Using Spark - With PySpark Workshop, at PyData Berlin 2016
This docker image contains:
- Spark 1.6.1
- minimal Anaconda3
- numpy, pandas, jupyter, findspark
Pull the Git repo with the files for the workshop
git clone https://gitlab.com/gerhardt.io/pyspark-workshop.git
This creates a local directory called pyspark-workshop which we'll use below.
Pull the image
docker pull gerhardt/pyspark-workshop
Run the image
In step 0 you cloned the workshop files to a directory called pyspark-workshop. Replace "pyspark-workshop" in the following command with the full path of the directory on your machine, e.g. /home/you/pyspark-workshop.

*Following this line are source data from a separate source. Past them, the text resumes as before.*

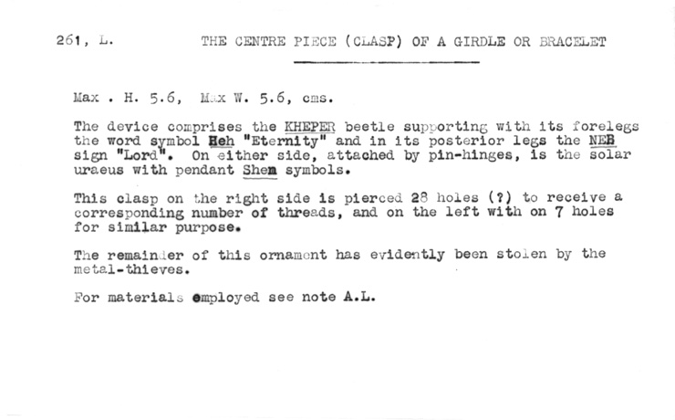 Handlist description: Centre piece (clasp) of girdle or bracelet Card/Transcription No.: 261l-1 |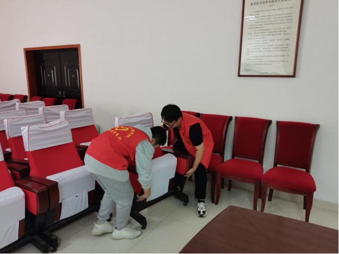 大会结束后,参会人员有序离场。在嘉宾全部离场之后,由方红梅带领医公司志愿者们打扫会场。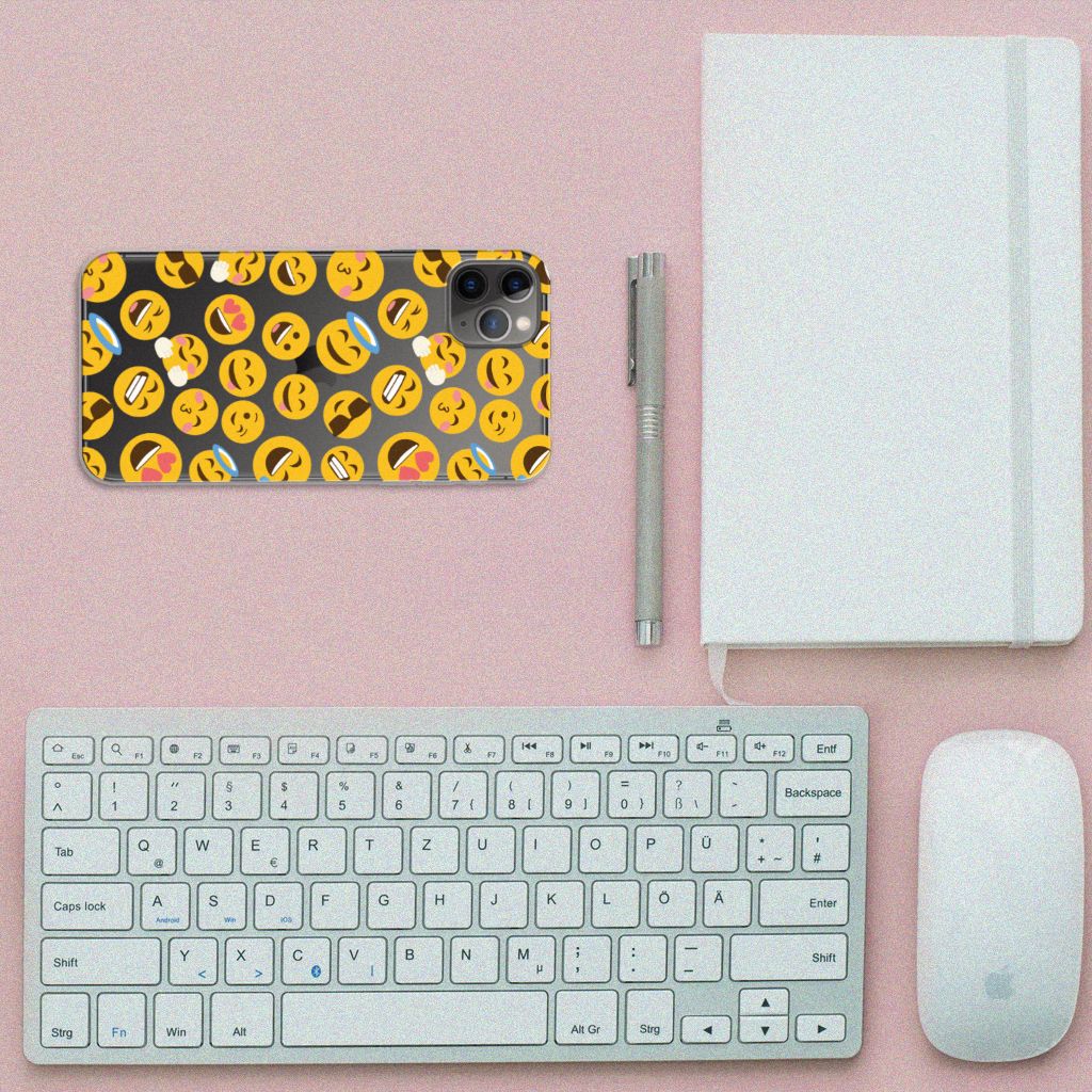 Je gebruikt ze waarschijnlijk dagelijks: emoji’s. Daarom hebben we besloten ze op een design hoesje te zetten. De kleurrijke, vaak gele emoticons maken chatberichten net wat spontaner. Dat hebben we allemaal te danken aan Japan, waar de emoji’s die we zo goed kennen vandaan komen. Ondertussen zijn er meer dan 1800! Deze passen natuurlijk niet allemaal op een Apple iPhone 11 Pro Max TPU bumper, maar we hebben de meeste gebruikte exemplaren erop gezet. Deze tpu case is voorzien van opstaande randen zodat het touchscreen van je telefoon beter is beschermd. Super handig. Het TPU zelf is zeer flexibel en is op maat gemaakt. We gebruiken emoji’s vaak om complete woorden te vervangen. Dit smartphone hoesje zegt dan ook meer dan duizend woorden kunnen. De tpu case wordt alleen aan de bovenzijde bedrukt met emoji’s. De zijkanten van de case worden niet bedrukt en blijven transparant.

For Windows and Mac users, all in one line:
docker run -d --net host --name pyspark-worker -v /home/you/pyspark-workshop:/home/user/work -e SPARK_MODE=slave -e SPARK_MASTER_ADDRESS=spark://bence:7077 -e JUPYTER_VISIBLE=true gerhardt/pyspark-workshop
For Linux users:
docker run -d --net host --name pyspark-worker -v /home/you/pyspark-workshop:/home/user/work -e SPARK_MODE=slave -e SPARK_MASTER_ADDRESS=spark://bence:7077 gerhardt/pyspark-workshop
On Linux open http://localhost:8888.
You should see the Jupyter start page showing the contents of the pyspark-workshop directory.
On Windows and Mac you have to find the address of the VirtualBox VM.
On the command line invoke
Open http://IPADDESS:8888 with the IPADDESS from the previous step.
Run the self check
Open the notebook called "Check Set-up" and run all cells.
You should see a message at the bottom.